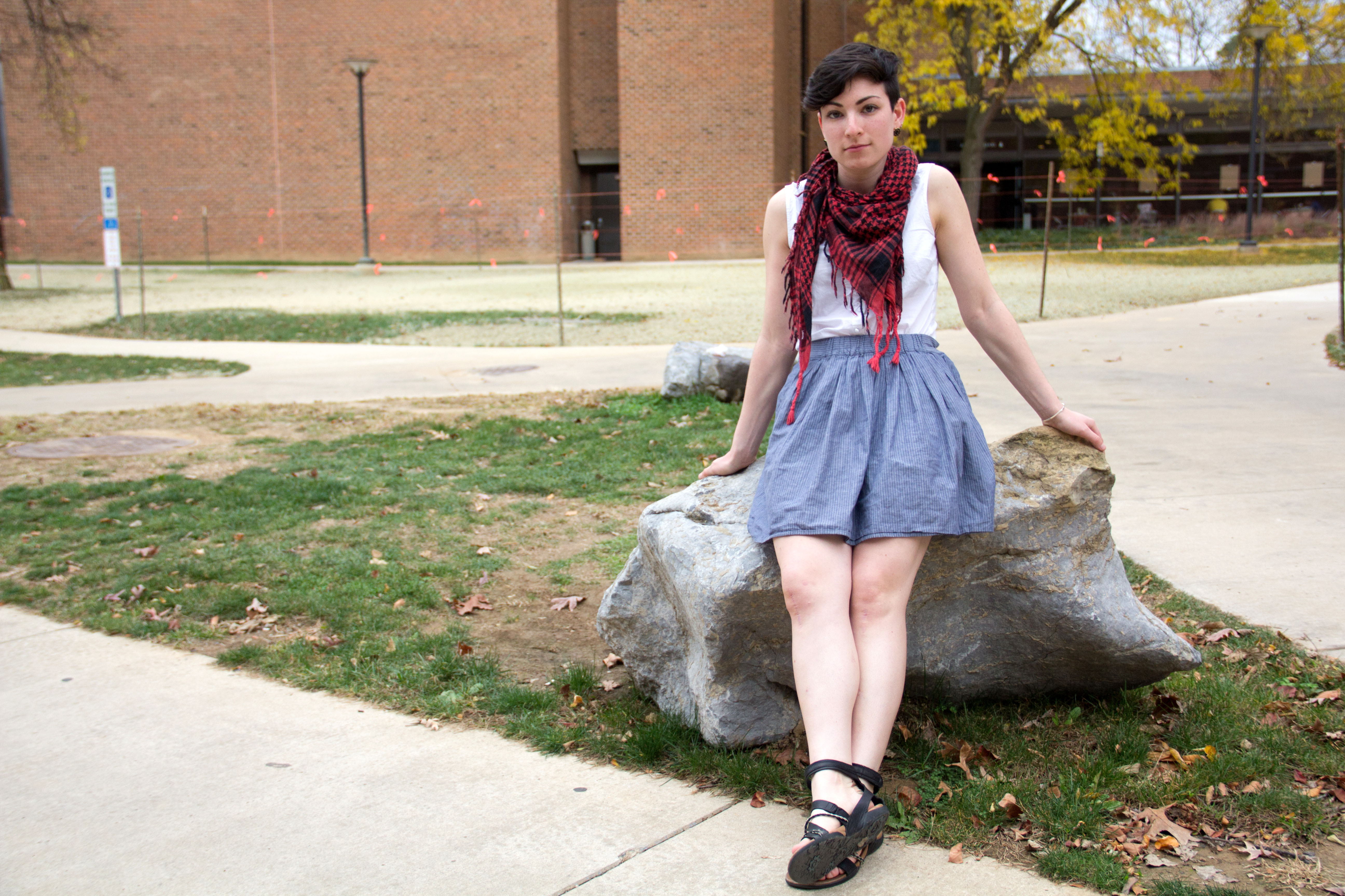 What She’s Wearing: Scarf, her local Goodwill, $3; Shirt, J Crew, $20; Skirt, J Crew, $20; Sandals, Merrell, $80
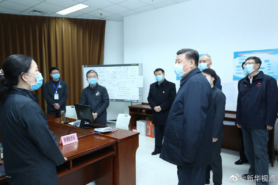 10日下午,習近平來到北京地壇醫院,察看新冠肺炎感染者住院診療情況,視頻連線武漢市重癥患者收治醫院,聽取中央指導組、湖北指揮部有關情況匯報,慰問奮戰在一線的醫務工作者。隨后,習近平前往朝陽區疾病預防控制中心,了解朝陽區開展應急處置、流行病學調查、篩查報告和北京市疫情防控工作情況。(文字記者張曉松 攝影記者鞠鵬、謝環馳、劉彬)?
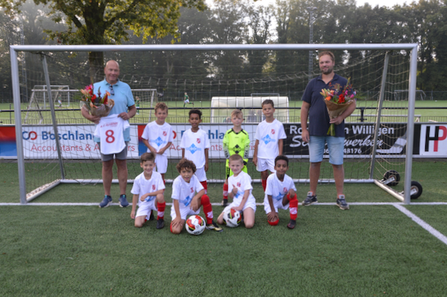 Daar staan ze dan. Candia’66 JO8-1. Voor het eerst op een kwart veld en na de mini Champions league nu mee doen bij de door de knvb georganiseerde competities. Voor de start een mooi moment. Zij ontvingen van de sponsoren MC Afdichtingen en Vleeming kitwerken een mooi tenue.
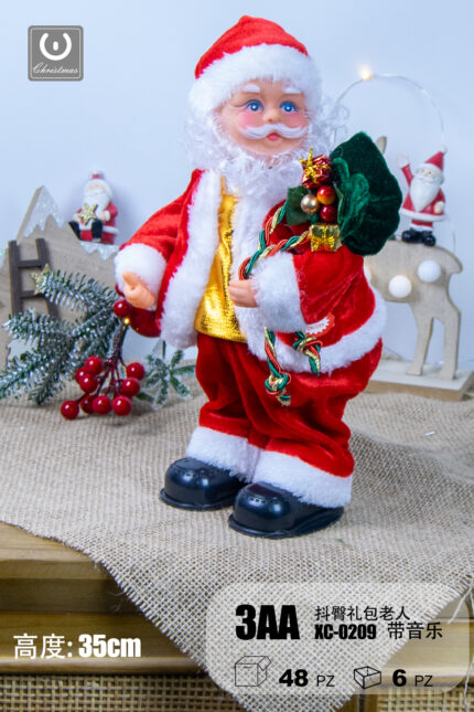 Giocattolo Natalizio Babbo Natale porta regali che canta e balla altezza 35cm alimentazione a batteria (3pile non incluse)
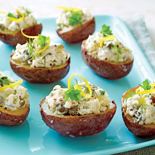 3. Stir together potato pulp, sour cream, capers, parsley, dill, mustard, zest, and remaining 1/2 teaspoon salt. Spoon mixture generously into each potato shell.
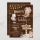 Convites Raízes Florais de Fundo de Madeira Rústica e Borra
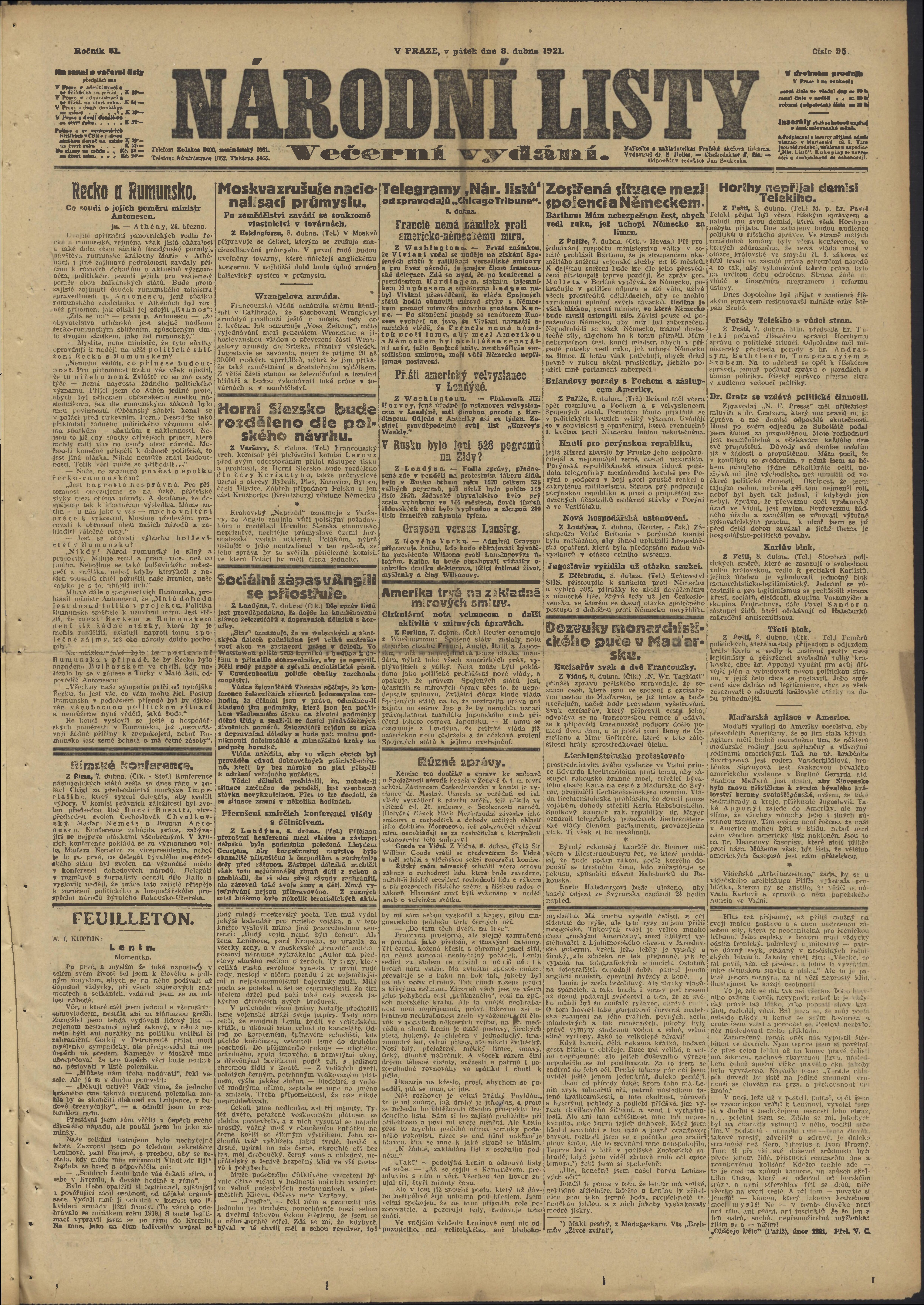 * Datum vydání výtisku: 8.4.1921 Číslo výtisku: 95 Poznámky k výtisku: večerní vydání;
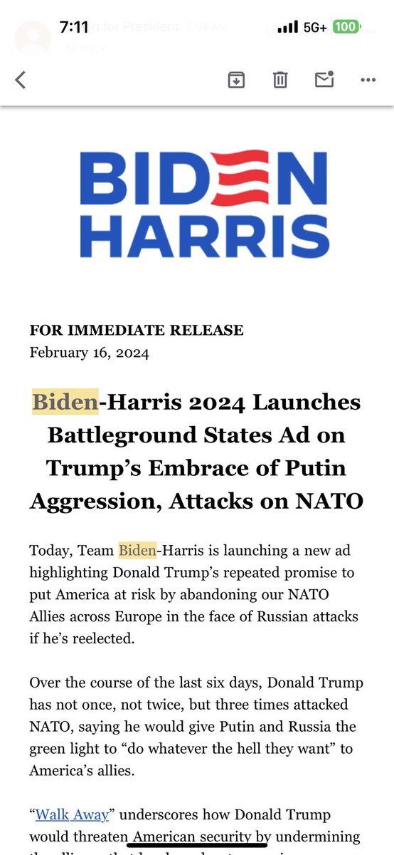 From the Biden campaign: “Today, Team Biden-Harris is launching a new ad highlighting Donald Trump’s repeated promise to put America at risk by abandoning our NATO Allies across Europe in the face of Russian attacks if he’s reelected.”
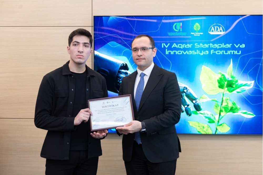 O bildirib ki, forumda iştirak edən startapçılar may ayında keçiriləcək Caspian Agro – 19-cu Azərbaycan Beynəlxalq Kənd Təsərrüfatı Sərgisində “Dəqiq kənd təsərrüfatında süni intellektin tətbiqi” layihəsi çərçivəsində öz innovativ həllərini təqdim edəcəklər.

» **Exercise directions**:
Return every line above exactly, omitting images.

» **Response below**:
 What She’s Wearing: Scarf, her local Goodwill, $3; Shirt, J Crew, $20; Skirt, J Crew, $20; Sandals, Merrell, $80
 10日下午,習近平來到北京地壇醫院,察看新冠肺炎感染者住院診療情況,視頻連線武漢市重癥患者收治醫院,聽取中央指導組、湖北指揮部有關情況匯報,慰問奮戰在一線的醫務工作者。隨后,習近平前往朝陽區疾病預防控制中心,了解朝陽區開展應急處置、流行病學調查、篩查報告和北京市疫情防控工作情況。(文字記者張曉松 攝影記者鞠鵬、謝環馳、劉彬)?
 Daar staan ze dan. Candia’66 JO8-1. Voor het eerst op een kwart veld en na de mini Champions league nu mee doen bij de door de knvb georganiseerde competities. Voor de start een mooi moment. Zij ontvingen van de sponsoren MC Afdichtingen en Vleeming kitwerken een mooi tenue.
 Giocattolo Natalizio Babbo Natale porta regali che canta e balla altezza 35cm alimentazione a batteria (3pile non incluse)
 3. Stir together potato pulp, sour cream, capers, parsley, dill, mustard, zest, and remaining 1/2 teaspoon salt. Spoon mixture generously into each potato shell.
 Convites Raízes Florais de Fundo de Madeira Rústica e Borra
 * Datum vydání výtisku: 8.4.1921 Číslo výtisku: 95 Poznámky k výtisku: večerní vydání;
 From the Biden campaign: “Today, Team Biden-Harris is launching a new ad highlighting Donald Trump’s repeated promise to put America at risk by abandoning our NATO Allies across Europe in the face of Russian attacks if he’s reelected.”
 O bildirib ki, forumda iştirak edən startapçılar may ayında keçiriləcək Caspian Agro – 19-cu Azərbaycan Beynəlxalq Kənd Təsərrüfatı Sərgisində “Dəqiq kənd təsərrüfatında süni intellektin tətbiqi” layihəsi çərçivəsində öz innovativ həllərini təqdim edəcəklər.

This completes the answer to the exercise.